Friday, May 4, 2012

Huck Finn 7

Right away in chapter 21 it  says that the "...king and the duke turned out by-and-by looking pretty rusty; but after they jumped overboard and took a swim it chippered them up a good deal." By jumping overboard into the river the two had to have gone under water, and from Lit like a Professor, that symbolizes baptism. I don't really understand what they could be getting cleansed from because the book hasn't said a whole lot about their past, besides the lies of who they are maybe?

Then the two start talking about " ...all kinds of adventures they'd had in other times along the river." Maybe they used to be a whole new type of person a long time back and being back on the water, a place of refuge of society, they brought up the memories to share together.
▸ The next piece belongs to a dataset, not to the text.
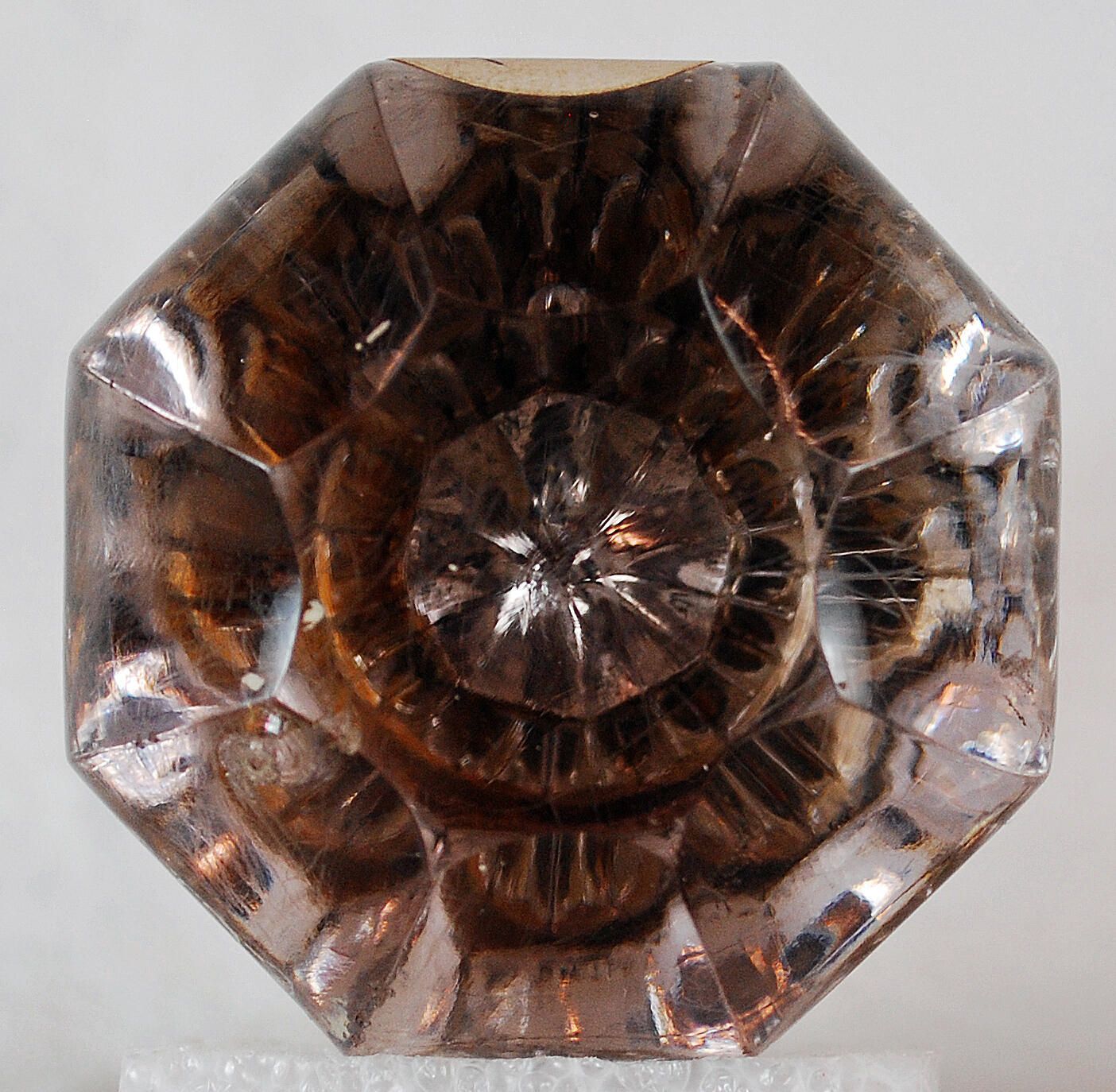 Design Name: Manufacture: Style: Material: Clear Glass Manufacturing Method: Pressed Surface Finish: VDA Classification: VDA Number: Z Shape: Octagonal Patent Specifics: Lock Type (If Applicable): Inscription/Makers Mark: Inscription Text: : Comments: Polished Face. Fluted Face Createse Star Shape. Chipped.

I also thought it was odd/funny how Huck was describing the duke while he was tring to remember the speech for their play (Or come up with it is more like it). "...he went marchign up and down, thinking, and frowning...then he would hoist up his eyebrows; next he would squeeze his had on his forehead and stagger back...moan...sigh, and next he'd let on to drop a tear." The guy must have been quite emotional in trying to remember something he half put together himself. Then the best part was how he concluded all of the dukes emotions, and huck's reaction, into one sentance: "it was beautiful to see him." For soem odd reason that made me laugh because it seems to me that the duke was a complete disaster!